Director PaulThomas Anderson’s There Will Be Blood (2007) has the unbridled audacity of begining his movie with a fifteen minute take contaning no dialogue. That is pretty much asking for trouble. But it’s beautifully done and fascinating to watch.

Daniel Day-Lewis stars as Daniel Plainview, the selfproclaimed “oil man” who exploits and develops oil resources in California. He travels with his would-be son H.W. played by Dillon Freasier. Most of the action takes place in Little Boston, near the Sunday family ranch.

Plainvew gets a tip from Paul Sunday, twin brother to Eli, who will later play a pivotal role in the rest of the action. Both Paul and Eli are played by Paul Dano. On hearing that there is oil on the Sunday ranch, Plainview takes his adopted son H.W. with him and goes to investigate. Most of the rest of the movie takes place in and around this small community, which experiences the shock and boom of becoming an oil town.

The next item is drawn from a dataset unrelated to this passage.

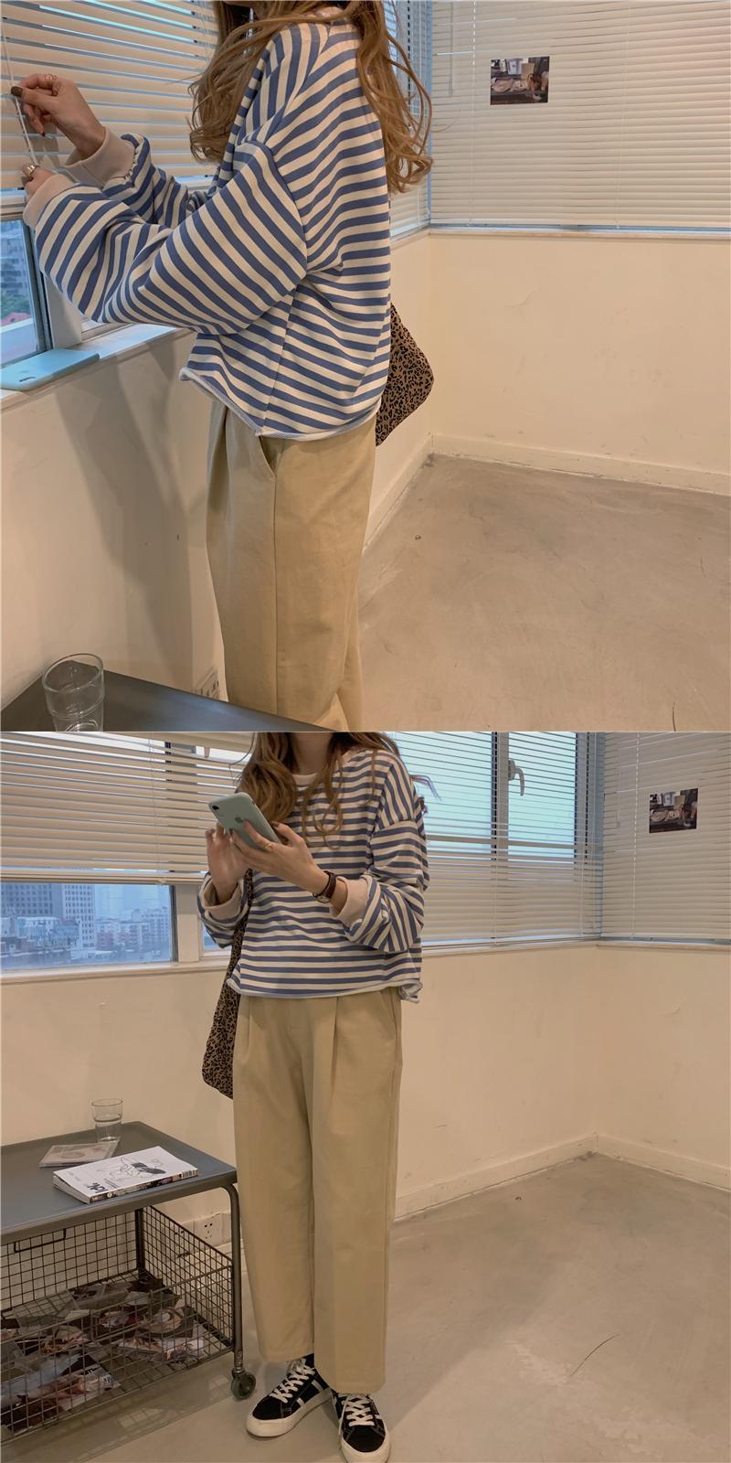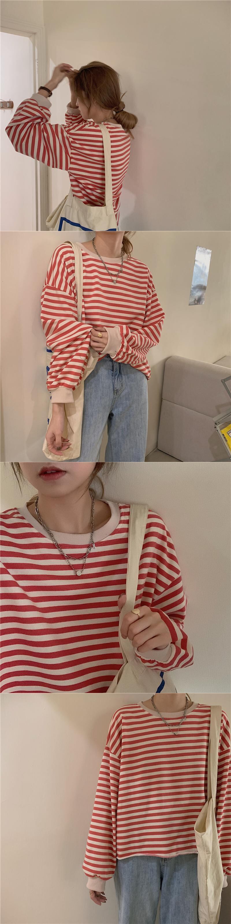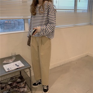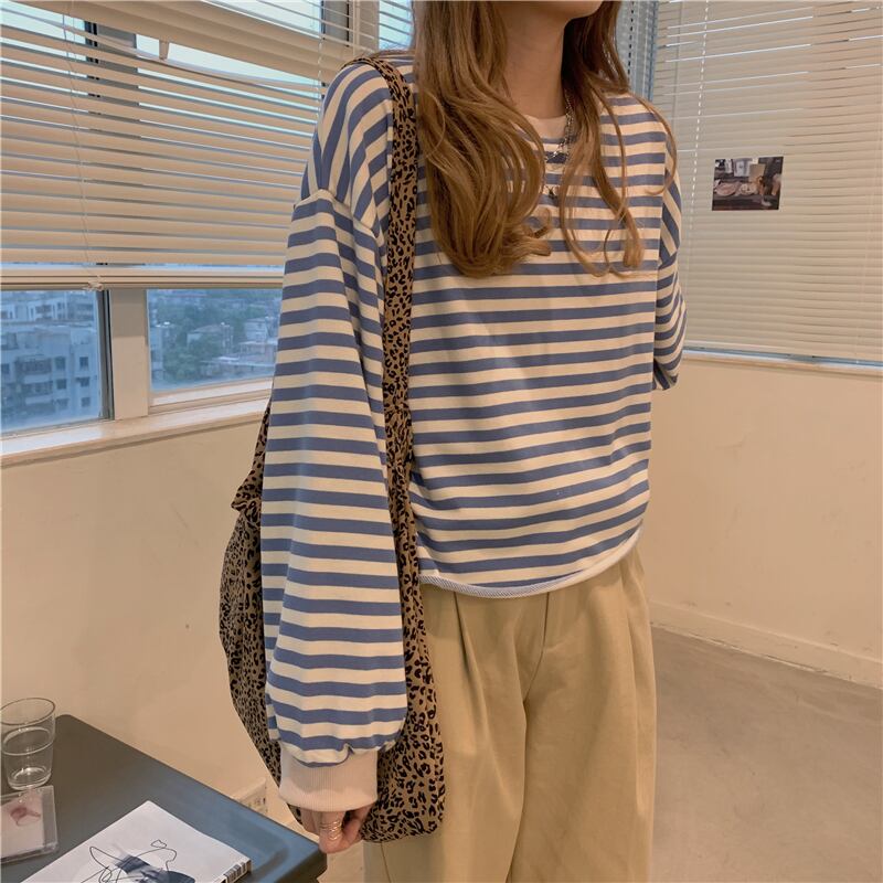 ラウンドネックプルオーバー トップス ストライプTシャツ レディースルーズ ロング オータム 秋物 ウィンター 冬物 Oネック クレセントシティ29344197931

Great attention has been played to detail in the look and feel of the movie. Even the structures have that beaten up, sepia tinted well-worn look. Dress and style are impeccable and the scenery is beatuifully bleak and harsh. When Plainview promises to build a school for the town saying that the children are the future you get teh feeling he is a slick politician as well as a ruthless business man.

And then there is the church. The most intense conflict of the movie has its nexus in the headbutting between Plainview and Sunday which translates into a conflict between the church and the developer. Money and religion, to put it plainly. But it seems to be more than that. Whatever is going on between Sunday and Plainview seems personal. At one point Plainvew cynically allows himself to be baptised in order to seal a deal for access to some land. He later forces the preacher Sunday to renounce his God in order to make money off the only piece of land in the area Plainview does not own. There’s a lot of threats and tit-for-tat between Plainview and Sunday.

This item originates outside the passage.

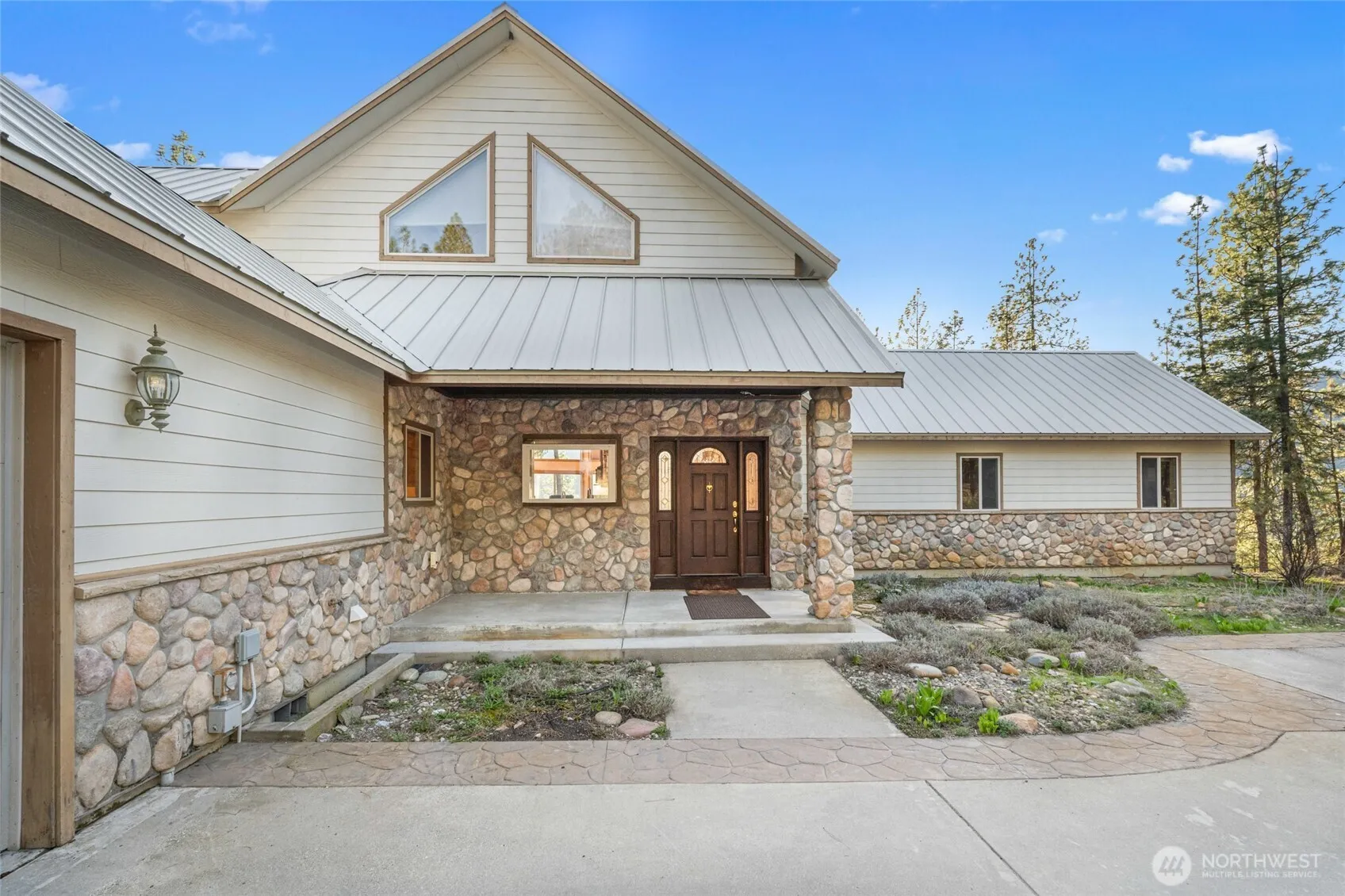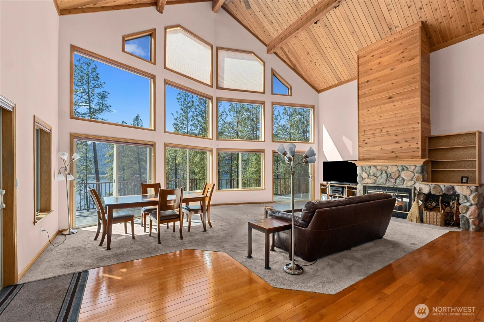 Whether it is from the large west facing deck or the gazebo that overlooks Lake Roosevelt, your heart will soar watching eagles & listening to the wind through the pines at this incredible home on 9 acres w/400′ of Lake Roosevelt gov. frontage. Well built & thoughtfully laid out, this magnificent home features a main floor primary bedroom suite w/jetted tub, cedar lined walk in closet, a towering main floor great room w/a wood burning FP & abundant windows allowing in lots of light no matter what the season, loft, separate laundry room, 1/2 bath on main & a cozy sunroom w/access to the deck. The finished walkout basement has a large LR, 2 bedrooms, full BA, large mechanical room & pantry. Utilize the clean 3 bay shop for all your toys.

Loosely based on Upton Sinclair’s novel “Oil” the movie is very ambitious and makes good use of its epic running time of two and a half hours. It shows the paranoia and lack of empathy of Plainvew in all its glory, the greed and oportunism of the oil developers as well as well as those who get swept up in its wake. Day-Lewis delivers a mesmerising performance as usual, complete with odd speech patterns and a distinct walk and all the rest. Perhaps I am a little spoiled when it comes to Day-Lewis in general.

But, I find I have reservations. Day-Lewis and Dano both seem to have a little too much fun at times. They have been given pretty free reins as far as I can tell, and it’s not that I don’t enjoy their encounters, but at times they seem a little over the top. It’s not that they are in any way bad, per se, but something about them seems a little off. I don’t know if it is just the sudden explosions of emotion that stick like a bone after all the calmly observed action.

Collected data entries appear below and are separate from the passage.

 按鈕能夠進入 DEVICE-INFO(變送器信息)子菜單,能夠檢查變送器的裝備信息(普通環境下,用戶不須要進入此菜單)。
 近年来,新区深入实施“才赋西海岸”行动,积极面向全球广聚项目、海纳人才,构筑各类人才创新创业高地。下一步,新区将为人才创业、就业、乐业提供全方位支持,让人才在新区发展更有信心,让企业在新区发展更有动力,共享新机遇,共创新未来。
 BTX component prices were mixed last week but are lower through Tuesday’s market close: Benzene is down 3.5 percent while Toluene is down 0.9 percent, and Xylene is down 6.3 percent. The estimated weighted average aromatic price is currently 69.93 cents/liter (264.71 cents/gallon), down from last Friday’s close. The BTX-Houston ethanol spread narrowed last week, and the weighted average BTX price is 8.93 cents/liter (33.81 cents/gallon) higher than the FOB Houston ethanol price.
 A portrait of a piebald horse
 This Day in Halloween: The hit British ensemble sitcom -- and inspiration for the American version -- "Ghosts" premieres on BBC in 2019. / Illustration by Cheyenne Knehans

I don’t really feel there’s much character development either. Plainview starts out a bastard and remains a bastard to the end. He one-ups himself in being a bastard, but that’s about it. Sunday is a creep. He keeps on being a creep. H.W. grows up, and as could be expected from his step father’s complete rejection of him after he turns deaf in an accident, rejects Plainview and goes off with his wife to set up business for himself. No anagnorisis. No great peripeteia. Just business as usual.

I don’t mean to convey the message that I didn’t manage to enjoy myself. I don’t know what I was expecting, but somehow I felt there was something missing. And as for the music it was frankly overbearing at times and that always annoys me.

Good stuff, but not quite as good as it thinks it is, or as good as it could be.